The volume of shipping litigation in Germany has declined and, in response, legal firms have widened their scope of activity.

Lawyers are handling less core shipping business and focusing more on areas such as insurance, trade and IT issues.

Various reasons lie behind the changes. The resolution of cases stemming from the scramble for newbuildings during the shipping boom have played their part, as has the demise of the KG (limited partnership) financing system that inspired many of those orders.

Cancelled contracts

“We used to have big, ongoing cases for years out of cancelled shipbuilding contracts which owners had placed in China,” one Hamburg-based lawyer says.

But today, many of those cancelled yard contracts have been litigated out.

“There are only very few cases I have heard of [recently] where there are serious problems with shipbuilding contracts and these will not lead to cancellation but rather claims about penalties,” the lawyer says.

However, litigation linked to financing is still an important source of work and more likely nowadays than problems arising from casualties or charterparties.

Fallout from the demise of the KG system saw some law firms handling dozens of cases. One German law firm tells TradeWinds it was involved in around 100 but most have now been settled

A lot of past legal disputes involved damages claims under shipmanagement agreements where often struggling KG companies sued their managers. Some are still ongoing but the number of sizeable cases has declined as time passed.

KG fallout

Fallout from the demise of the KG system saw some law firms handling dozens of cases. One German law firm tells TradeWinds it was involved in around 100 but most have now been settled.

Since 2007, hundreds of single-ship funds have been declared insolvent. At its height, some 440,000 investors were shareholders in projects that benefited from the tonnage tax and, at the time, high charter rates.

The generally held opinion is that the KG financing system — which at one point funded one-third of the world’s containerships — is dead in its old public form whereby the famous doctors and dentists were asked to subscribe maybe €20,000 or €100,000 for a stake in individual vessels.

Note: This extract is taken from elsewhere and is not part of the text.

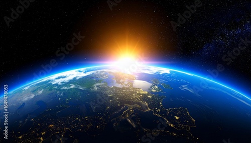 Blue Earth and the floating sun seen from space
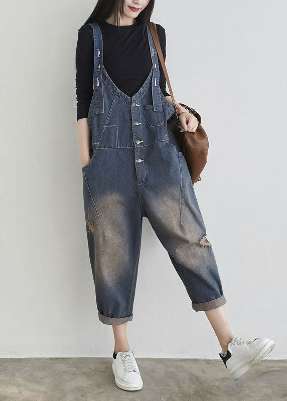 Boutique Patchwork Distressed Dark Blue Denim Jumpsuit Springing

Meanwhile, cargo claims normally only find their way to German law offices when the protection and indemnity clubs are unable to resolve disputes. Although they form one of the largest categories of P&I claims, by both volume and value, such cases are normally sorted quickly.

P&I claims

P&I issues that end up being litigated typically involve big claims related to offshore energy, such as damage by vessels to installations.

But what has been growing for German lawyers is a shift towards short-term contractual advisory work, often where urgently needed advice has to be given within 24 or 48 hours.

Often this can involve management contracts, shipyards, ship suppliers and shipowners.